COLLECTED DATA —
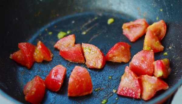 8:倒入西紅柿翻炒下。
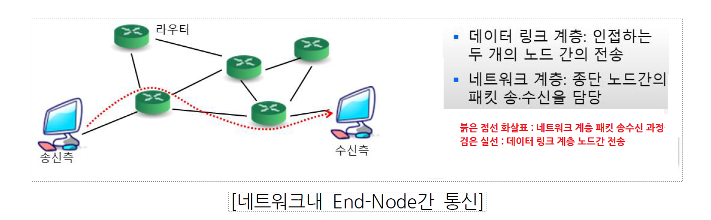- 송수신 대상은 패킷을 송신측 단말에서부터 수신측 단말로 전송한다
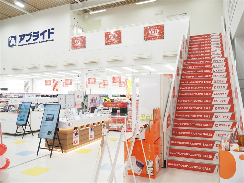 パソコン専門ショップと聞くと、都心に住んでいる人のイメージは、秋葉原の雑然としたマニアックな空間を思い浮かぶ人もいるかと思う。しかし、地域の幅広い年齢の方が来店される店舗というだけあって、大きく目立つPOPに開放感のある空間で、親しみ易さを感じる。
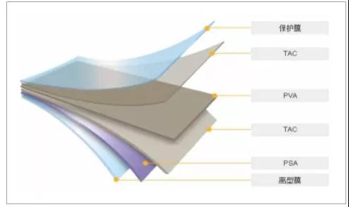 偏光片由多層膜復(fù)合而成,核心膜材 PVA 負(fù)責(zé)偏振作用。偏光片由 PVA 膜,TAC膜,保護膜,離型膜和壓敏膠組成,其中,吸附二向吸收分子的 PVA 膜負(fù)責(zé)偏振作用,是偏光片的核心膜材,決定偏光片的偏光性能,透過率及色調(diào)等關(guān)鍵參數(shù), TAC 膜則起到對延伸的 PVA 膜的支撐和保護。

TASK ITEM — Repeat the material above word for word, please, apart from its images.

SOLUTION BELOW —
 8:倒入西紅柿翻炒下。
- 송수신 대상은 패킷을 송신측 단말에서부터 수신측 단말로 전송한다
 パソコン専門ショップと聞くと、都心に住んでいる人のイメージは、秋葉原の雑然としたマニアックな空間を思い浮かぶ人もいるかと思う。しかし、地域の幅広い年齢の方が来店される店舗というだけあって、大きく目立つPOPに開放感のある空間で、親しみ易さを感じる。
 偏光片由多層膜復(fù)合而成,核心膜材 PVA 負(fù)責(zé)偏振作用。偏光片由 PVA 膜,TAC膜,保護膜,離型膜和壓敏膠組成,其中,吸附二向吸收分子的 PVA 膜負(fù)責(zé)偏振作用,是偏光片的核心膜材,決定偏光片的偏光性能,透過率及色調(diào)等關(guān)鍵參數(shù), TAC 膜則起到對延伸的 PVA 膜的支撐和保護。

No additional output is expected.